The cantina was in the very center of the camp, surrounded by the barracks where the laborers slept. It had a low ceiling, benches and crates that served as chairs and tables, a dirt floor, and pictures of naked women tacked to the plank walls. The place was always crowded at night, but it was still early—the sun had just set—and in addition to Lituma and Tomás there were only four other men, all wrapped in scarves, and two wearing hard hats; they were sitting at a table and drinking beer. The corporal and the guard each carried his second glass of anisette to the adjoining table.
“I can see that what I said about the pishtaco hasn’t convinced you.” Dionisio laughed.
He was a fat, flabby man with a sooty face that looked as if it had been streaked with coal, and greasy, kinky hair. He was stuffed like a sausage into a blue sweater that he never took off, and hi
s eyes were always bloodshot and burning, for he drank along with his customers. Though he never became completely drunk. At least Lituma had never seen him in the state of total intoxication that so many laborers reached on Saturday nights. He usually played Radio Junín at top volume, but tonight he hadn’t turned on the radio yet.
“Do you believe in pishtacos?” Lituma asked the men at the next table. Four faces, half hidden by shawls, turned toward him. They all seemed made from the same mold—skin burned by hot sun and cutting cold, evasive, inexpressive eyes, noses and lips livid with harsh weather, unruly hair—and it was difficult for him to tell them apart.
“Who knows?” one of them answered at last. “Maybe.”
“I do,” one of the men in a hard hat said after a moment. “They must exist if so many people talk about them.”

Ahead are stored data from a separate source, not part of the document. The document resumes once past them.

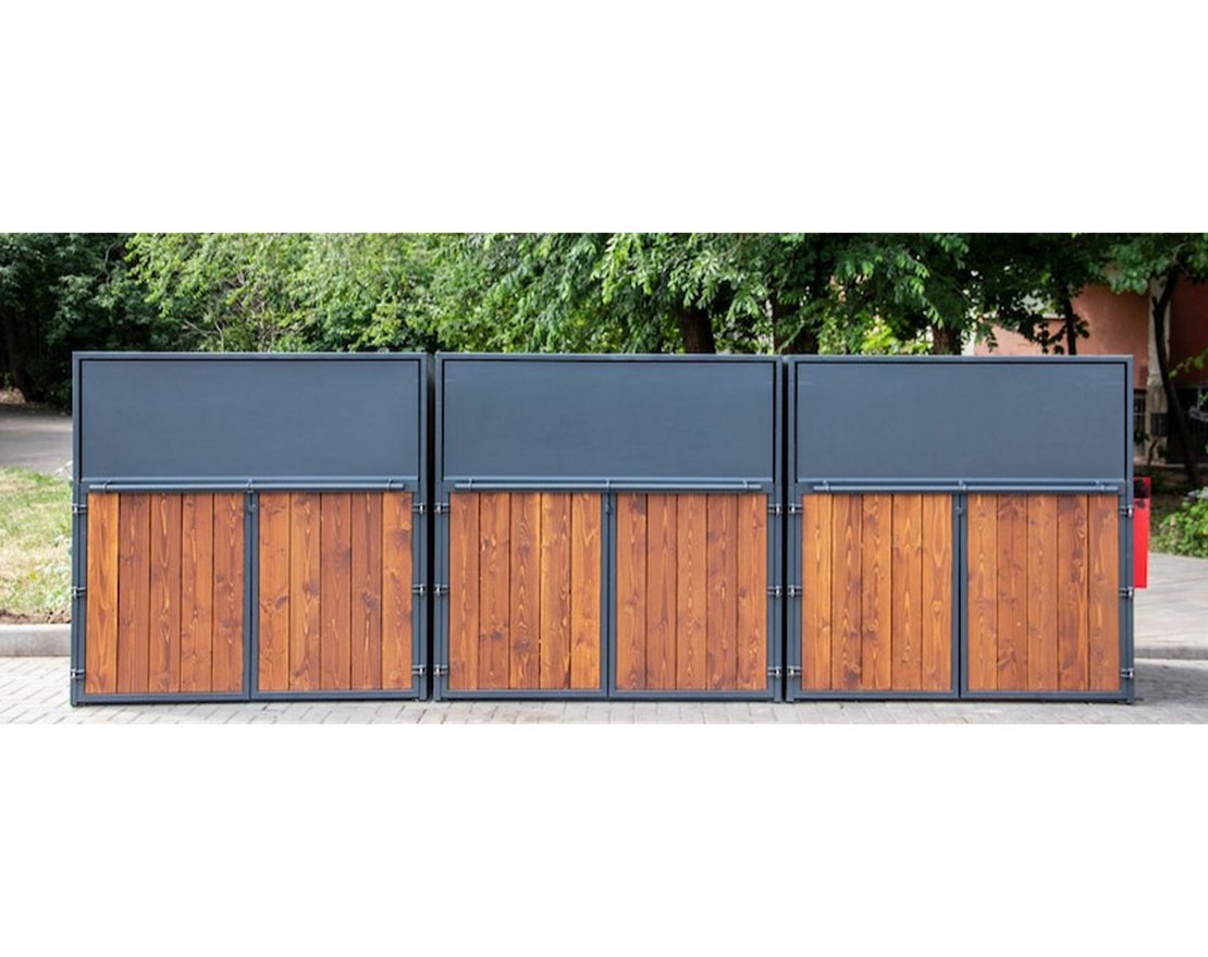 В данный контейнерный шкаф вмещается один большой контейнер объемом 1100 л. Либо один стандартный контейнер на 600-800 л, либо два контейнера до 360 литров.
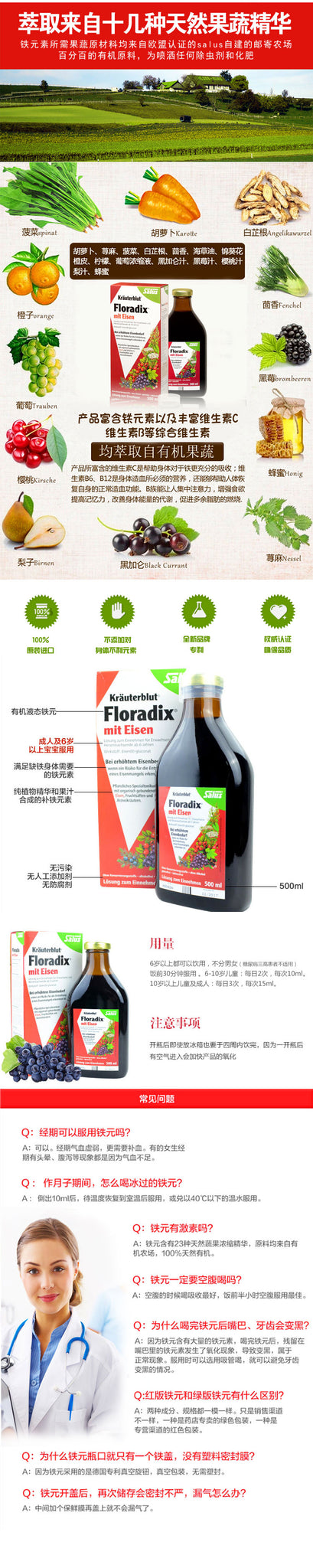 | 品名: | 德国Salus Floradix 红版铁元补铁补血 祛黄美颜好气色 |
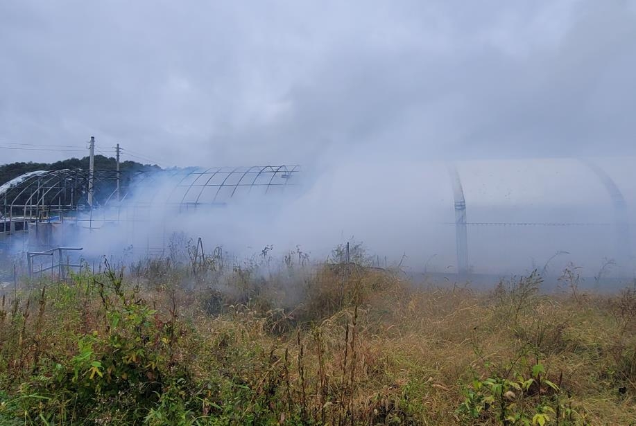 (인천=연합뉴스) 황정환 기자 = 추석 당일인 지난 6일 인천 한 비닐하우스에서 불이 나 1명이 화상을 입었다.
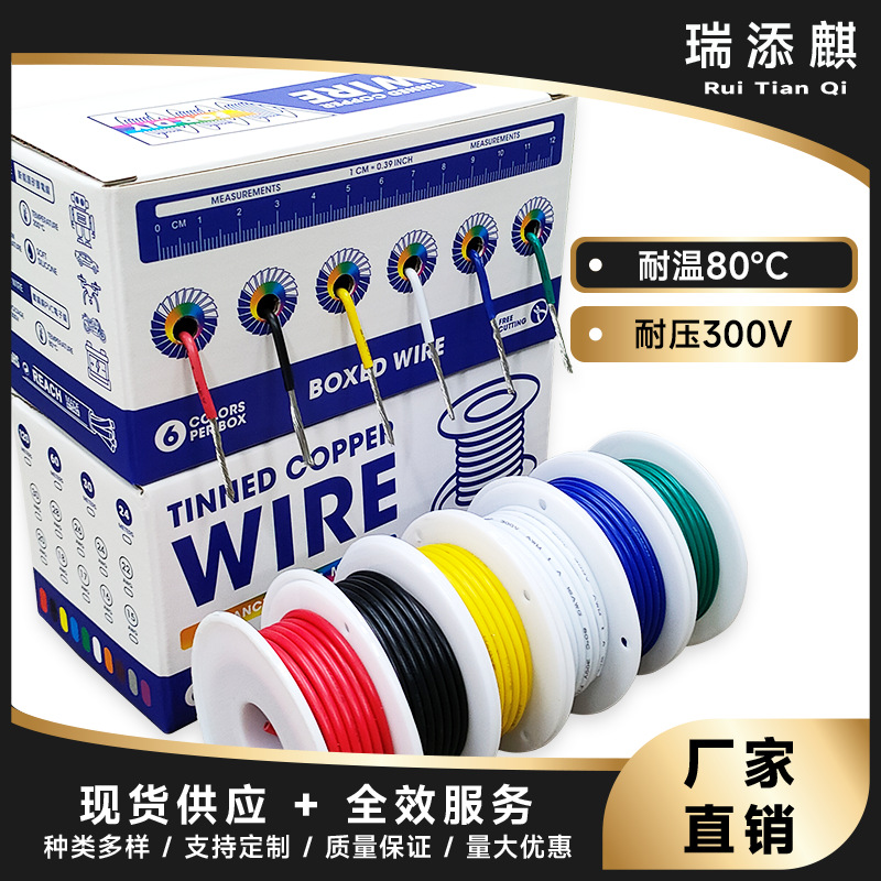 跨境外贸直供6卷6色/盒装PVC电子线30-16AWG镀锡铜航模连接线OK线
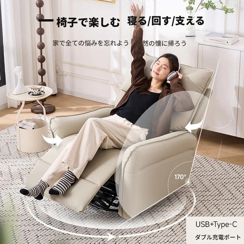 アジアスタイルのリラックス電動ソファ!伸縮式多機能本革一人用チェア、リビングにぴったりのくつろぎロッキングチェア。快適さとスタイルを兼ね備えた、あなたの特別な空間を演出します!
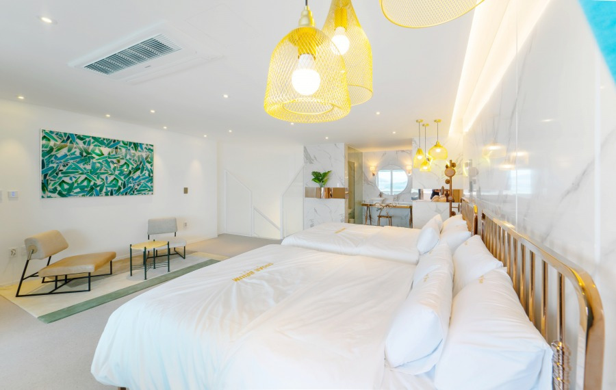 더블베드와 트윈베드가 있어 편하게 묵을 수 있으며, 거실에서는 멋진 다이닝을 즐길 수 있게 취사도구를 비롯해 냉장고와 정수기, 쿡탑 등이 준비되어 있다. 객실 내에서는 빔프로젝터로 영화를 볼 수 있다.
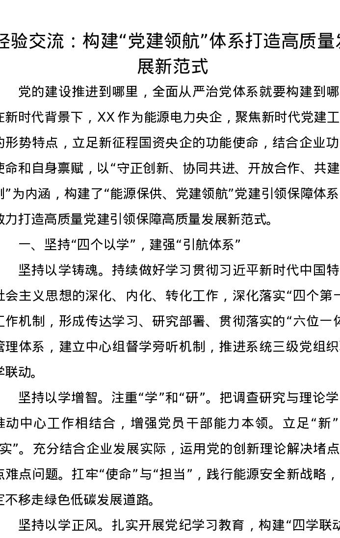经验交流:构建“党建领航”体系 打造高质量发展新范式
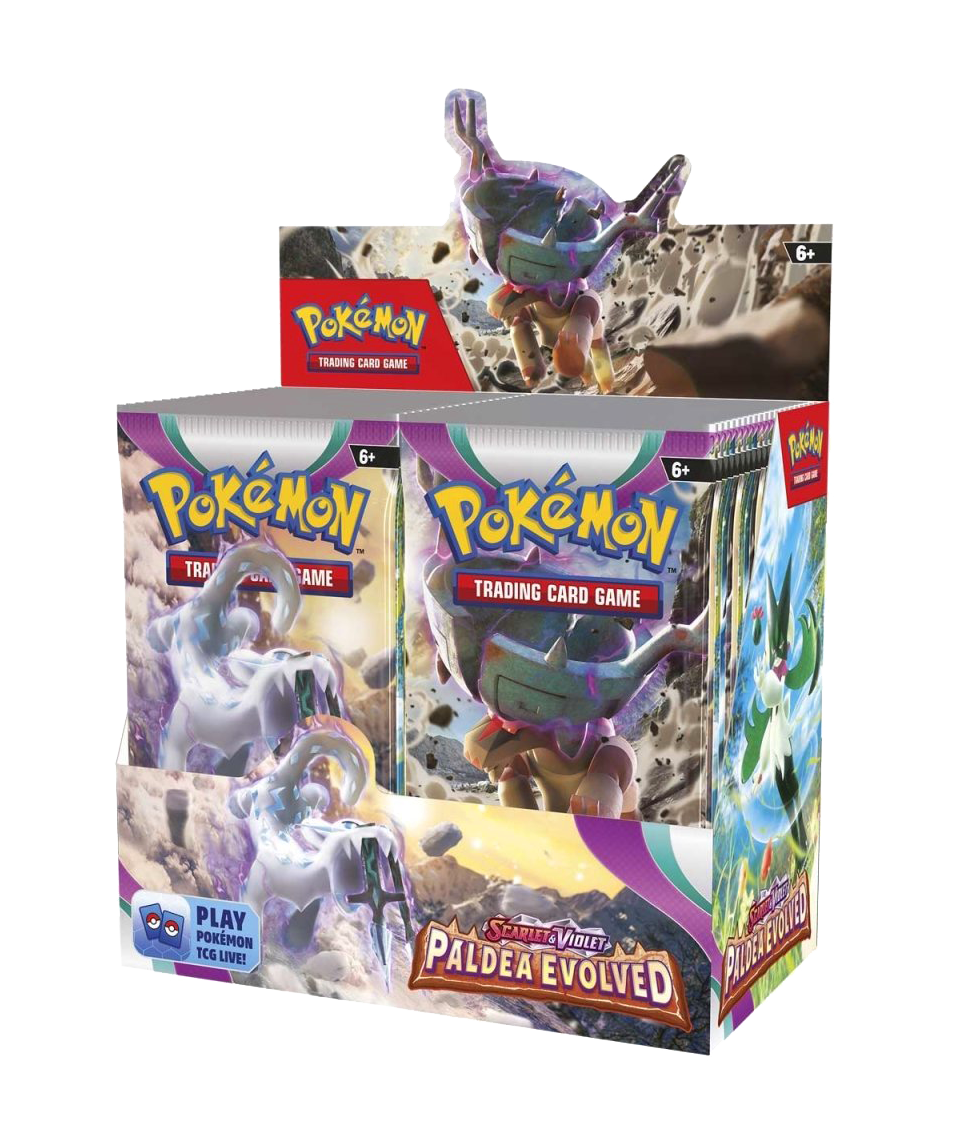 Caja de 36 Sobres de refuerzo de la expansión - Escarlata y Púrpura - Evoluciones en Paldea - de Pokémon TCG en Español.
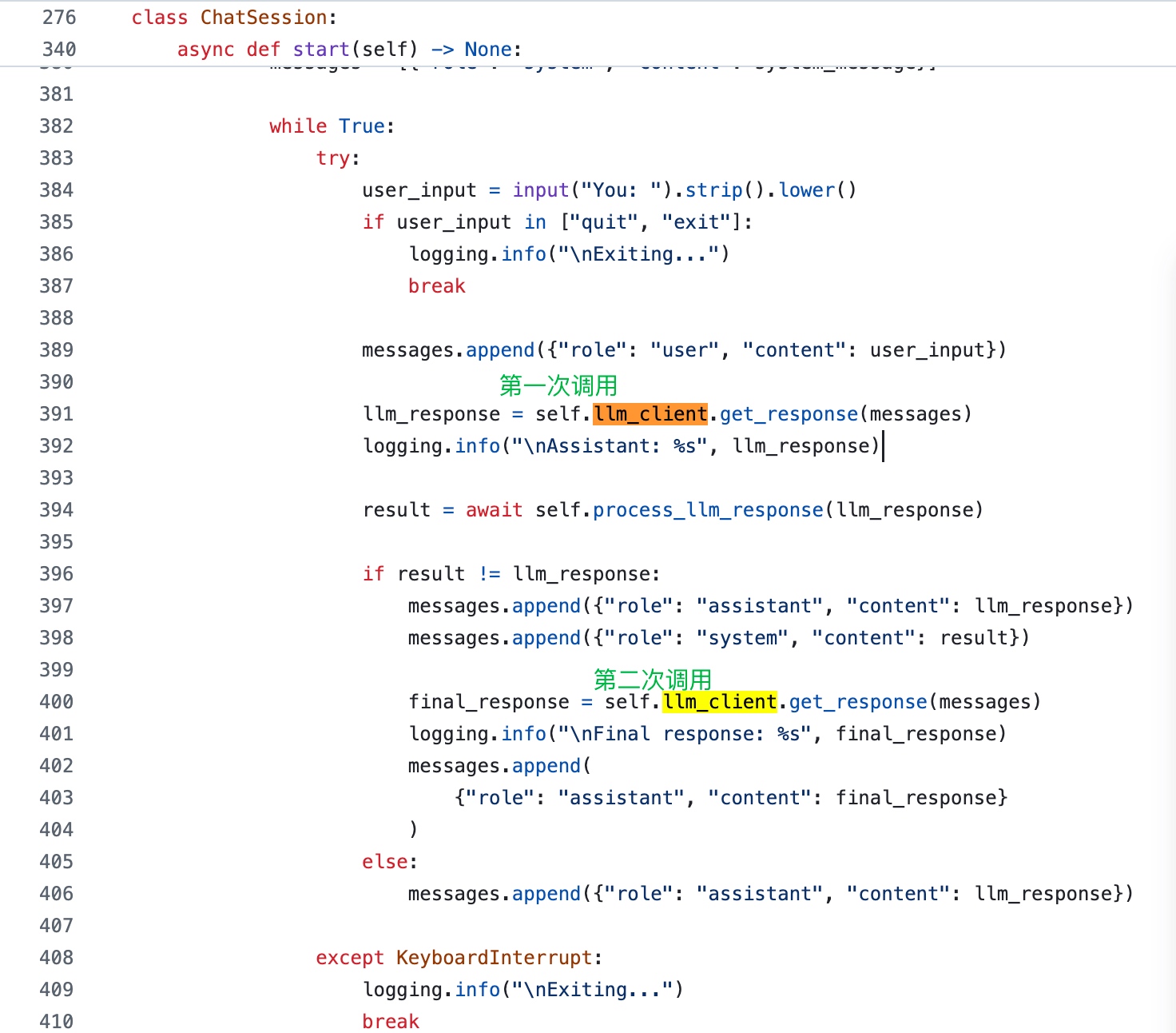 在这个客户端的代码中,我们可以看到对LLM做了两次调用。
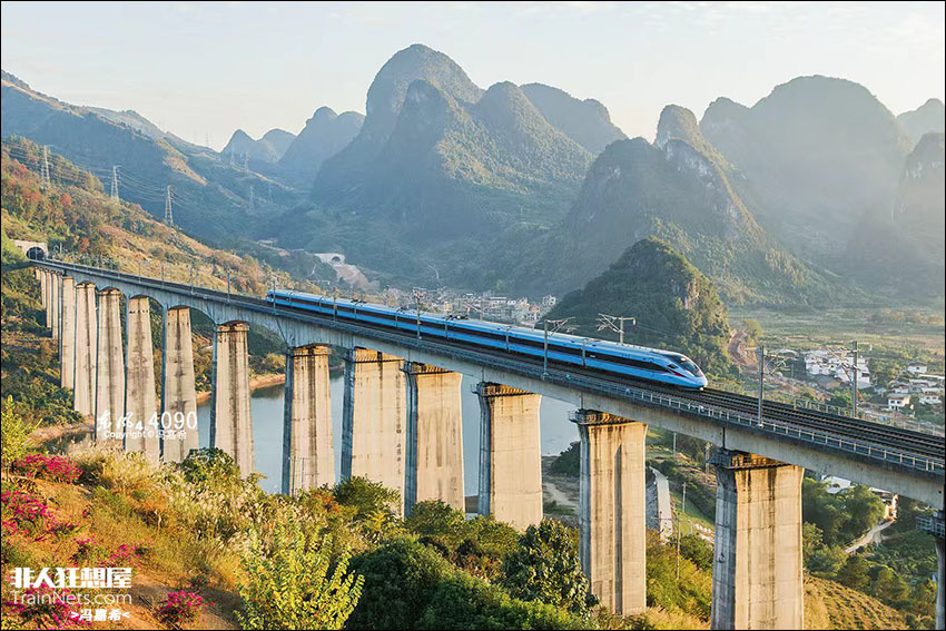2025年11月,贵广客专,CR300AF通过阳朔幸福源水库特大桥。
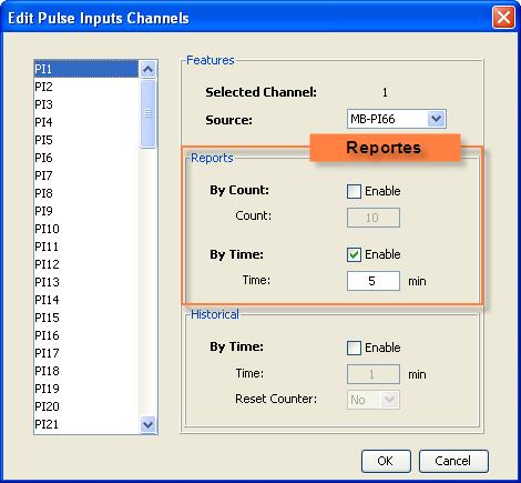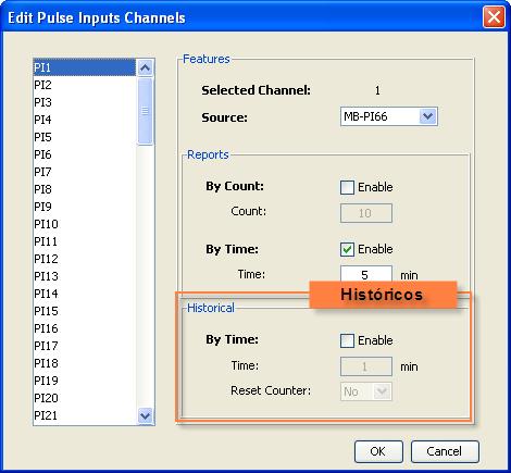 Los canales de pulsos también pueden generar Históricos en un tiempo determinado que se puede configurar en de la misma manera que en los otros canales, como se muestra en la siguiente figura. También se puede decidir si una vez generado el histórico queremos que el contador vuelva al valor 0 o no.
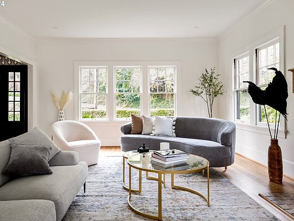 OPEN HOUSE CANCELLED - OFFER ACCEPTED. Introducing one of the most extraordinary homes to be offered in Portland. This meticulously renovated English-style residence seamlessly blends contemporary design with timeless charm and luxe amenities. Featuring 5 bedrooms, 4.5 bathrooms, and versatile bonus spaces, she truly accommodates every lifestyle. The entertainer's dream kitchen is stocked with high-end appliances, custom cabinets, a butler's pantry, and a built-in bar. The second floor showcases a luxurious primary suite, a laundry room, generous bedrooms, and stylishly curated bathrooms. The top floor offers two versatile rooms with stunning views, an additional bathroom, and attic space. The basement, with its high ceilings, provides a functional family room and office/studio space. The separate exterior entry lends potential for an ADU or multi-generational living. Covered patios with dramatic city and mountain views are idyllic for either entertaining or relaxing. Excellent schools and proximity to numerous hiking / running trails complete this rare find. [Home Energy Score = 4. HES Report at https://rpt.greenbuildingregistry.com/hes/OR10200443]
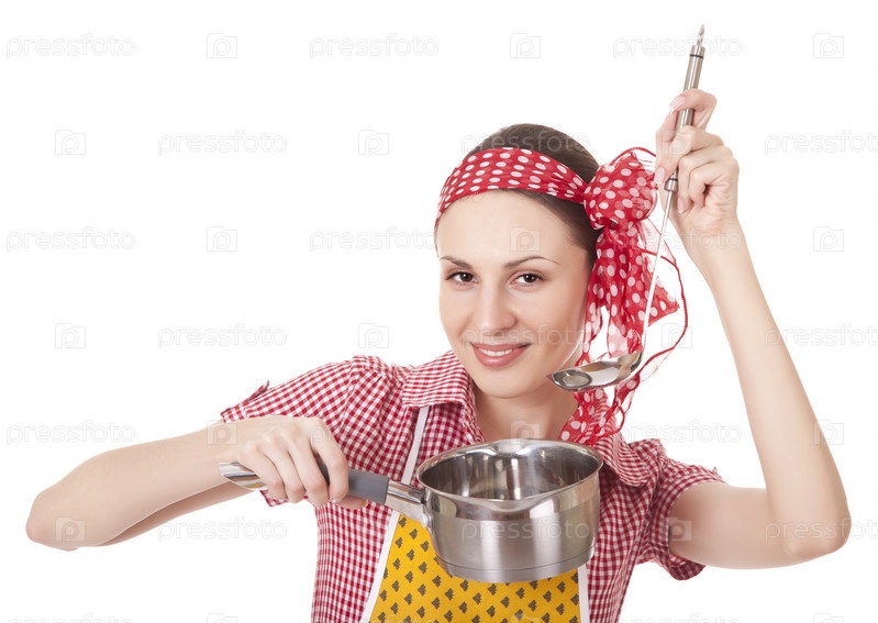 Домохозяйка с половником и кастрюлей на белом фоне

Lituma narrowed his eyes. He could see him. A stranger. Half gringo. At first glance you didn’t know what he was because he looked just like everybody else in this world. He lived in caves and committed his crimes at night. Lurking along the roads, behind boulders, hiding among haystacks or under bridges, waiting for solitary travelers. He would approach with cunning, pretending to be a friend. His powder made from the bones of the dead was all ready, and at the first careless moment he threw it in his victims’ faces. Then he could suck out their fat. Afterward he let them go, emptied, nothing but skin and bone, doomed to waste away in a few hours or days. These were the benign ones. They needed human fat to make church bells sing more sweetly and tractors run more smoothly, and now, lately, to give to the government to help pay off the foreign debt. The evil ones were worse. They not only slit their victims’ throats but butchered them like cattle, or sheep, or hogs, and ate them. Bled them drop by drop and got drunk on the blood. Son of a bitch, the serruchos believed this stuff. Did that witch Doña Adriana really kill a pishtaco?